Безработные военные вернулись на свои места, обращение к ООН
и меморандум ядерным державам так и не были отправлены адресатам, но тем не
менее в воздухе ощущается что-то новое, никто не может сказать о нем ничего
определенного, но все знают – было До и существует После…
Дик Стэндиш потерял место. На следующий день после
вступления в должность нового главы государства Дик, планируя необходимые меры
безопасности, осведомился с непроницаемым лицом: «Сэр, вы в какие обычно часы
предпочитаете скакать по деревьям?» Через час его проводили в отставку по
состоянию здоровья, наградив на прощанье медалью. Он основал небольшое бюро
частного сыска, процветает и иногда бывает у меня в гостях.

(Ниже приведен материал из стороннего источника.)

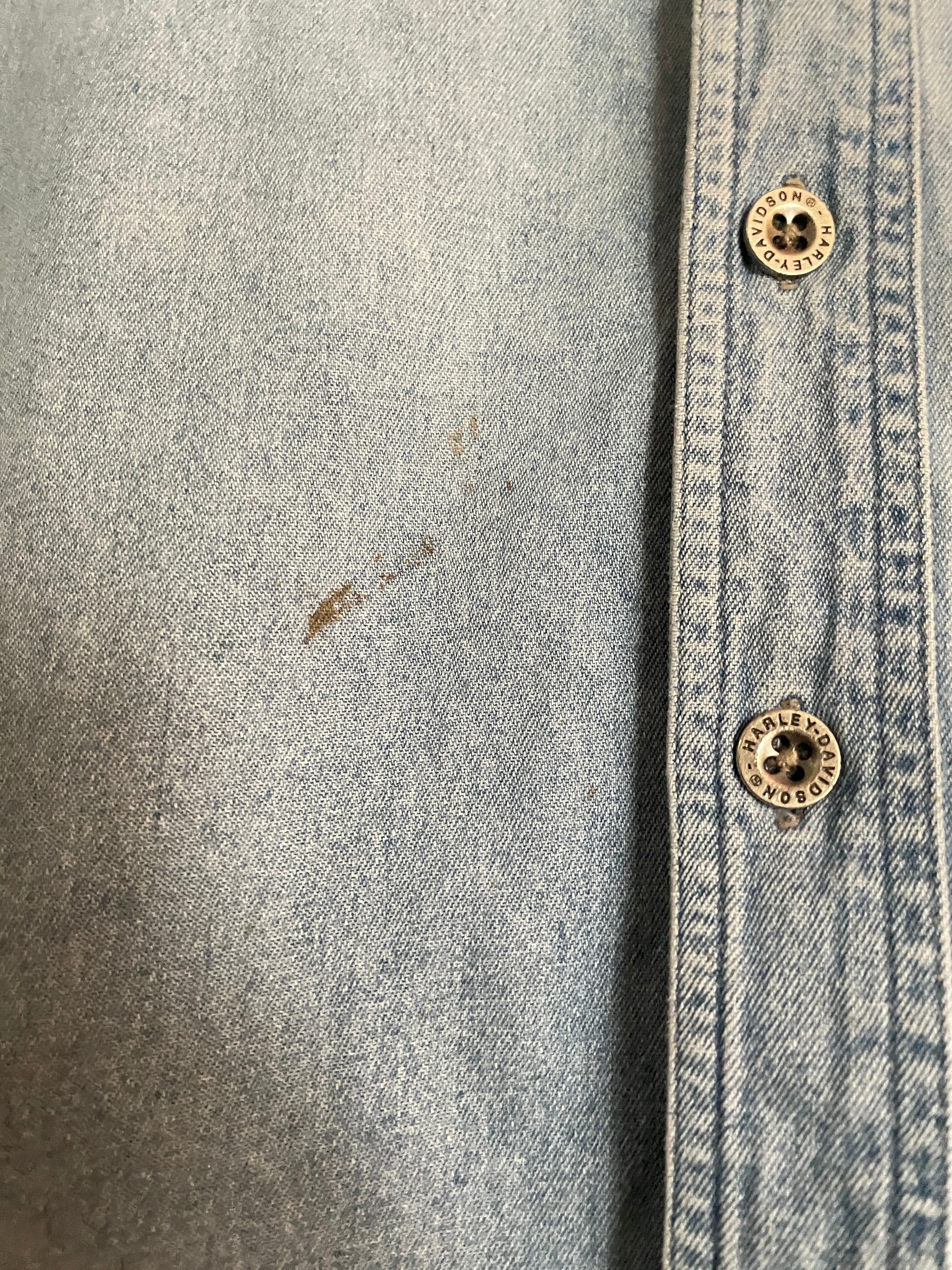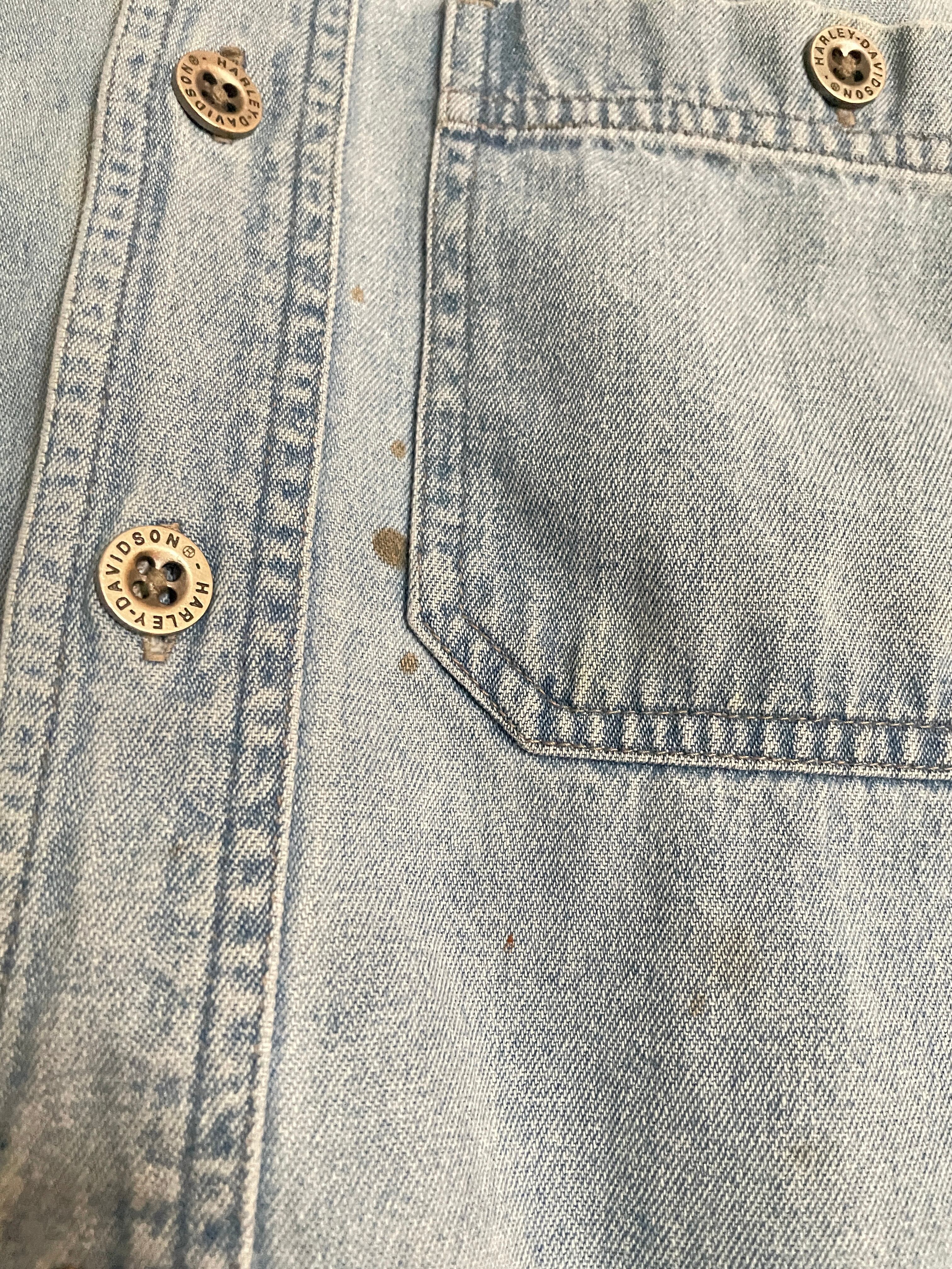 やや褪せた色味で、袖部分が上手くカットオフされた、ハーレーダビッドソンのノースリーブデニムシャツ。フロントにはワンポイントでハーレー刺繍。バックにはインパクトのあるハーレー刺繍とバイクに座っているクールな女性プリント。前後でメリハリのあるデザインがグッドです。多少の汚れ、ダメージが見られますが、それも込みで雰囲気のある一着です。使い方によっては、季節問わず活躍してくれるレイヤードアイテムです。1番下のボタンがありません。
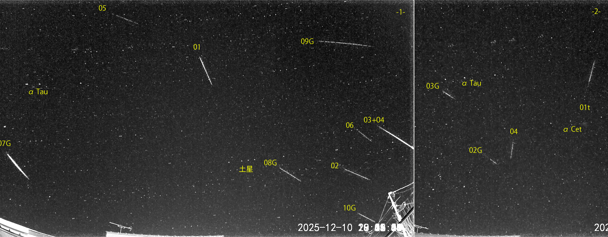 1) 18:02から約2.5時間の10コマを、2) 21:03から約1.5時間の4コマを処理しました。 出現した順に数字と記号を始点付近に記入。tは痕traceあり。 【流星群記号】G:ふたご座流星群、Mo:いっかくじゅう座流星群、Hy:うみへび座流星群
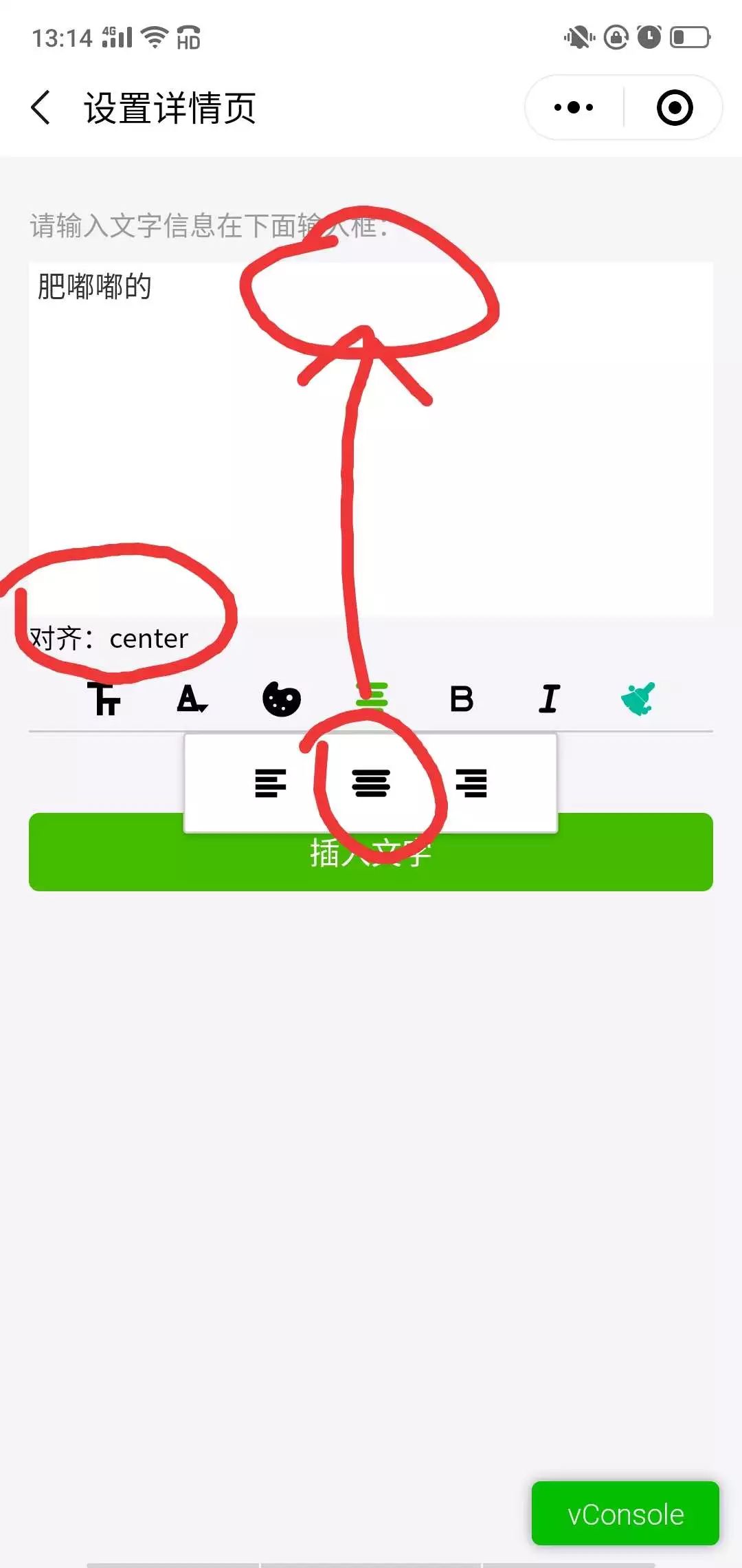 预期应是我选择了居左textarea里的的文本内容也居左,点击居中textarea文本内容居中
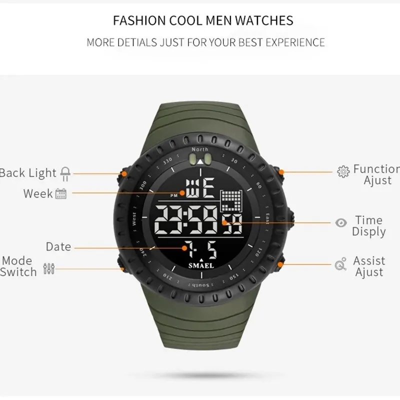 La montre électronique étanche SMAEL pour homme avec grand cadran, alarme LED numérique et fonctionnalités sportives est un excellent choix pour ceux qui ont besoin d’une montre robuste et fiable pour leurs activités de plein air. Le grand cadran facilite la lecture de l’heure, même dans des conditions de faible luminosité, tandis que la résistance à l’eau de 5Bar permet de l’utiliser lors de sports aquatiques tels que la natation. La fonction d’alarme LED numérique est pratique pour se rappeler les rendez-vous importants. De plus, la montre est conçue pour le sport, avec un boîtier rond et une bande PU durable. Cependant, il est recommandé de ne pas porter la montre lors de la natation ou de la plongée, et de ne pas appuyer sur les boutons sous l’eau. En résumé, la montre électronique SMAEL est un bon choix pour les amateurs de sport à la recherche d’une montre polyvalente et durable.
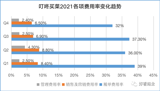 第四季度,叮咚买菜的履单费用率为32%,创历史最低水平。2019和2020年,叮咚的履单费用率分别达49.9%和35.7%。
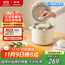BRUNO【政府补贴】电饭煲复古低糖迷你电饭煲1.5L 1-2-3人家用炖汤煮粥高颜值压力电饭锅 象牙白BOE128
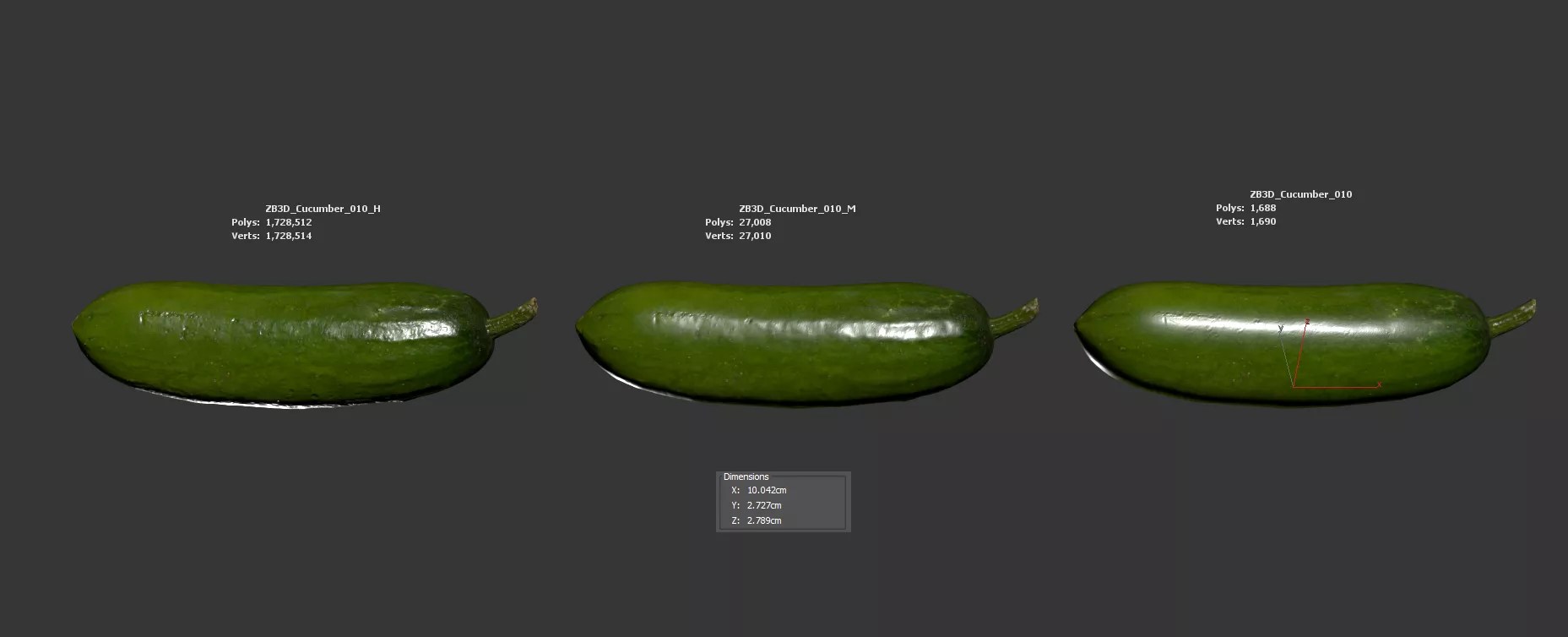 Enhance your food visualizations, product designs, or still-life projects with this ultra-realistic 3D gherkin model. Meticulously photogrammetry scanned and textured, it boasts multiple levels of detail (1K, 27K, 1728K polycounts) for close-ups and broader scenes.

В зоопарк я не вернулся. Мирно и покойно живу в купленном во
времена процветания коттедже, по заказу одного солидного издательства пишу
книгу «Мы никогда не звали его Джо. Год и три месяца Президента Смита». Больше
половины уже готово. Многие считают, что события я отобразил удивительно
достоверно. Что ж, в конце концов у меня больше, чем у кого-либо другого, прав
писать о Президенте – как-никак я несколько лет был его близким другом и, что
скрывать, имел на него большое влияние. Хорошо помню, как однажды, во время
своей предвыборной кампании, он сказал мне следующее… господи, и я туда же? В
общем, я его хорошо знал.
И должен быть ему благодарен хотя бы за то, что он, пусть и
косвенным образом, устроил мою судьбу. Алиса все-таки вышла за меня. Как ни
странно, она больше не называет меня неудачником и не уговаривает поступить в
какую-нибудь перспективную лабораторию. Впрочем, может быть, в этом и нет
ничего странного – на всех нас, членов президентской команды, феерическая
история его взлета и гибели наложила свой отпечаток и оставила в душах свой
след. Вряд ли мы когда-нибудь осознаем это во всей полноте, и не думаю, что это
так уж необходимо – Президента все равно уже нет…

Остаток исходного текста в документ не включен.